* Task to carry out
Please give back, exactly as written, the lines from the line with "龙城濮阳的城市建筑与美食缩影,中国风插画" to the line with "A zona frontal" in the listing below, leaving out all pictures.

[Opening Extracted records section]

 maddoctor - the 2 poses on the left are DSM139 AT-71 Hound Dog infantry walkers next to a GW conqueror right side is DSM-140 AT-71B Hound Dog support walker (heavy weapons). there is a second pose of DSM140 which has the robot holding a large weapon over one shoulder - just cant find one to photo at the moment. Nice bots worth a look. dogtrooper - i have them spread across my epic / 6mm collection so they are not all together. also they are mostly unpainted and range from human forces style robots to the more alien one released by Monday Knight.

[Closing Extracted records section]
[Opening Extracted records section]

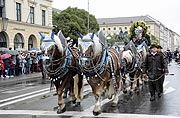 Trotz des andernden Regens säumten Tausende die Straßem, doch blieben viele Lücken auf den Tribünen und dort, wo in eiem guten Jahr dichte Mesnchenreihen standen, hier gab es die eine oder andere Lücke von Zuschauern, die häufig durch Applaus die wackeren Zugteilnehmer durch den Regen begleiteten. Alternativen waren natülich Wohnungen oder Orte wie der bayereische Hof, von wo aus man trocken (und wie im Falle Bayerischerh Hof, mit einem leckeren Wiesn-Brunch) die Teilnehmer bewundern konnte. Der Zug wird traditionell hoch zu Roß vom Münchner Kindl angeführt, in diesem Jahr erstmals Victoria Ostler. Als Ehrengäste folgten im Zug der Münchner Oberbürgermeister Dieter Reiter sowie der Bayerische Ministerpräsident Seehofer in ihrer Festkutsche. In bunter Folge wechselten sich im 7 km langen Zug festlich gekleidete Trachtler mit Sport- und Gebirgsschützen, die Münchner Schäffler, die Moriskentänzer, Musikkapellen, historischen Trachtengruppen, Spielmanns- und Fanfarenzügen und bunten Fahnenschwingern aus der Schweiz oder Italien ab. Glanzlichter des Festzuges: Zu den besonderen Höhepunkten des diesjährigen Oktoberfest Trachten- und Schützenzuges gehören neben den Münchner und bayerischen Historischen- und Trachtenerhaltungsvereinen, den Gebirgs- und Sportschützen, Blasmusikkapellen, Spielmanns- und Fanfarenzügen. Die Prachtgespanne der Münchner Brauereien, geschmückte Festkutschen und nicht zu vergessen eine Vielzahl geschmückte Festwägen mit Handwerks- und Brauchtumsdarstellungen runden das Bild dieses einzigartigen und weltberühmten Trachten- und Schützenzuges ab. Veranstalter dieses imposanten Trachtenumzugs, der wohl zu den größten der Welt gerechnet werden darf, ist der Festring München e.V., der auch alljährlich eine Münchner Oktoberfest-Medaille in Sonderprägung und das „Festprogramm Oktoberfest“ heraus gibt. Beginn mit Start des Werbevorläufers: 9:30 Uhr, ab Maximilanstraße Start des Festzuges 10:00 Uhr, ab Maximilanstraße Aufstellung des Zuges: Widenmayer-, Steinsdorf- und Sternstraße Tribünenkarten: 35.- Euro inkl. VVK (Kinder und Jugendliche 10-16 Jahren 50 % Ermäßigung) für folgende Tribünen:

[Closing Extracted records section]
[Opening Extracted records section]

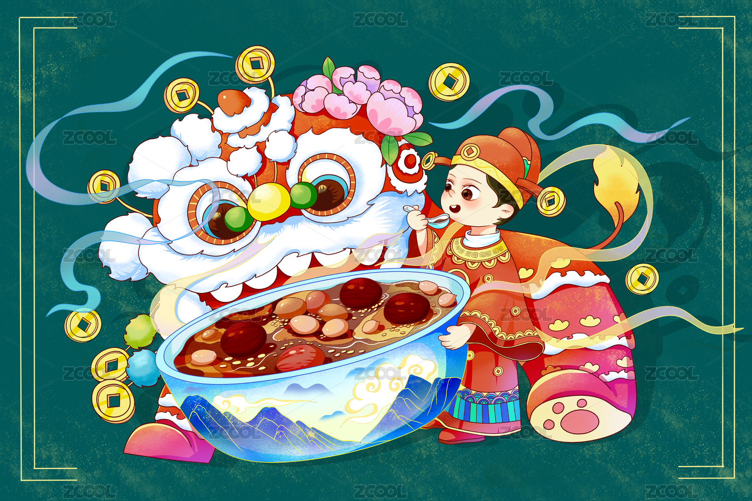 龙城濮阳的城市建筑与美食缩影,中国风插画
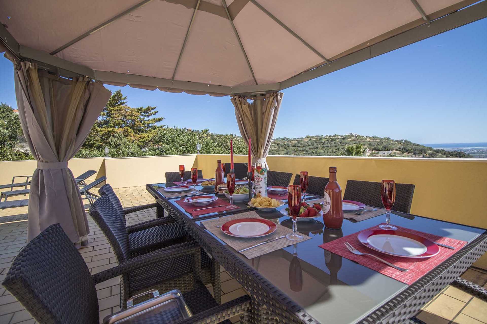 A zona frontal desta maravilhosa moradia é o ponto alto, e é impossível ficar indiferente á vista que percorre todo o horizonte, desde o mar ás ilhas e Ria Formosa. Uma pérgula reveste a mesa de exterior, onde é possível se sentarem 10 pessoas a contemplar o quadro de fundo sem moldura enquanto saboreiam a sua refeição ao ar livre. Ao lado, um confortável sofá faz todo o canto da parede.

[Closing Extracted records section]

* Your response
 龙城濮阳的城市建筑与美食缩影,中国风插画
 A zona frontal desta maravilhosa moradia é o ponto alto, e é impossível ficar indiferente á vista que percorre todo o horizonte, desde o mar ás ilhas e Ria Formosa. Uma pérgula reveste a mesa de exterior, onde é possível se sentarem 10 pessoas a contemplar o quadro de fundo sem moldura enquanto saboreiam a sua refeição ao ar livre. Ao lado, um confortável sofá faz todo o canto da parede.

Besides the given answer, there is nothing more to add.